Activity instances are accessible through two functions: Constraint.ForEachActivity and Spans.ForEachActivity. These functions provide you with a reference to each activity of a given type, and allow you to access the activity’s location in time as a Windows or Spans object, and exposes its parameters as profiles.

Other Constraint Types

Not all constraints are based solely off of a Windows object. The main exceptions are constraints that deal with individual activity instances, because these will use the Constraint.ForEachActivity(…) function instead of returning a basic Windows. This will evaluate your Windows expression once for each instance of the given activity type, and associate any violations in those expressions with the activity instance it was evaluated on, which can be helpful in the UI to figure out which activity caused the violation.

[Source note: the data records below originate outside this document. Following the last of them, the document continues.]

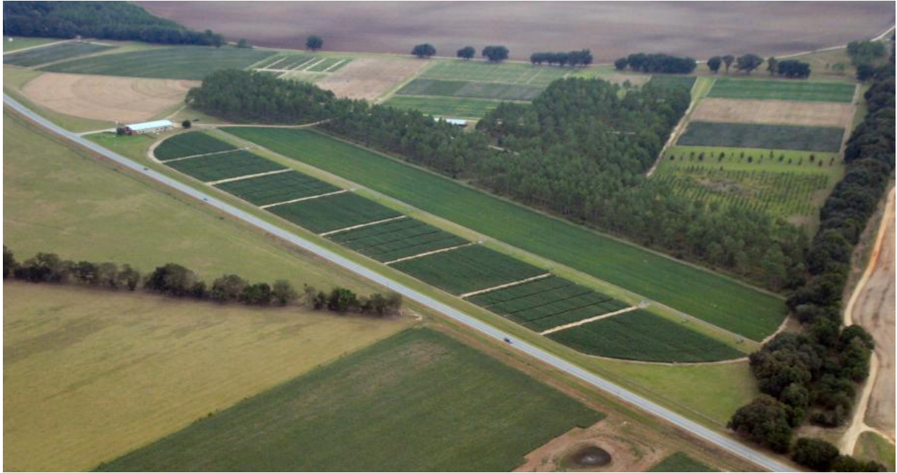
Recent aerial view of the Stripling Park.
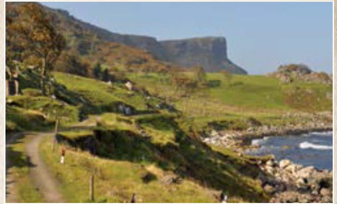
Murlough Bay & Fairhead

From Cushendun it's on to the magnificent Murlough Bay with its views of Rathlin Island , Mull of Kintyre, and the Scottish Islands. Used as the road to Pyke on which Theon
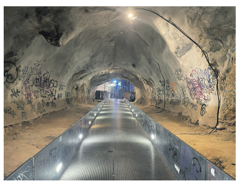
Ramp from lift to Dom im Berg
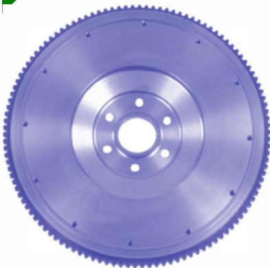
MACK FWN530GB3142 Style: FLAT Application: 675 / 676 Clutch: 15" – 9 spring disc Bearing: #306 10" bore, 6 mounting holes 20" ring gear with 118 teeth List Price $487.10
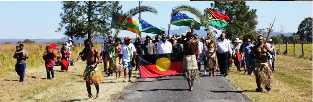
2013 included the following main activities:

Commemorative walk along Walker Road into the grounds of the church. The walk reflected the original walk of the Islanders as they made their way onto the plantation land 150 years earlier. However this time the ASSI people and dignitaries from Vanuatu walked together as equals with the descendants of the original landowners and were welcomed onto their land by the Traditional Custodians of the Land, the Mununjali People.
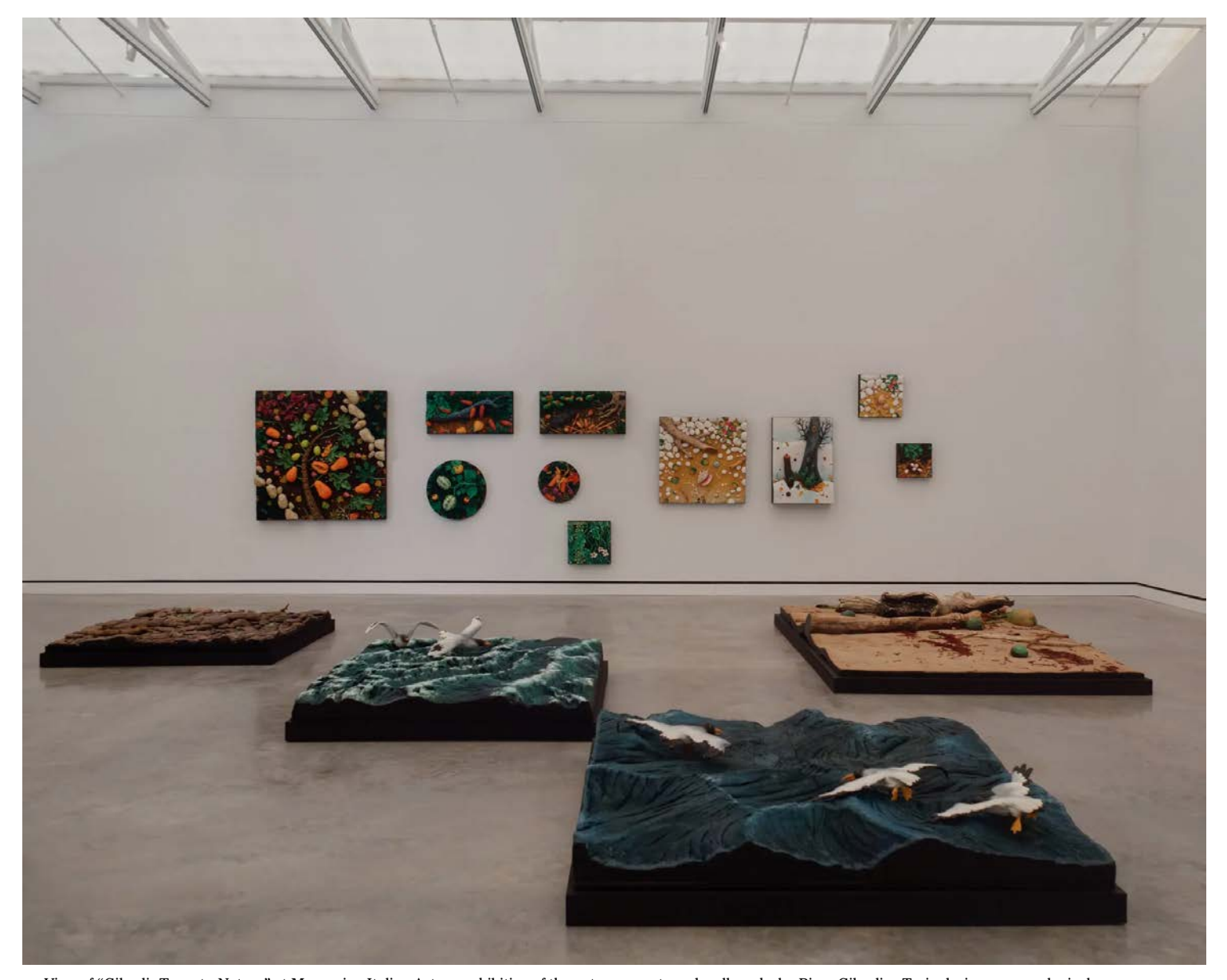
View of "Gilardi: Tappeto-Natura" at Magazzino Italian Art, an exhibition of the nature carpets and wall works by Piero Gilardi, a Turin designer, an ecological message delivered with puckish delight.

At Magazzino, Gilardi carved a rough-hewed Technicolor landscape of fruits and vegetables from the most synthetic industrial materials, polyurethane painted with synthetic pigment. On thick contoured foam beds, he glued sea urchins, pumpkins, corn cobs, grapes, even the occasional armadillo passing through. The "furniture" allowed families to live with the idea of the outdoors in their living rooms, reconnecting life in the city to an increasingly fragile and defensive nature. He was introducing nature into the over-industrialized world that was killing it.

Mental Model for Evaluation

A constraint doesn't directly query simulation data, or directly return violations. Instead, your constraint code defines an expression to be interpreted by Aerie. The exact implementation details don’t matter for constraint authors, but for this reason you cannot directly inspect a profile's values or a plan's activities. This is also why there are no plans to support querying external profiles directly from a web request or filesystem access inside the constraint code. For that, see the external dataset documentation.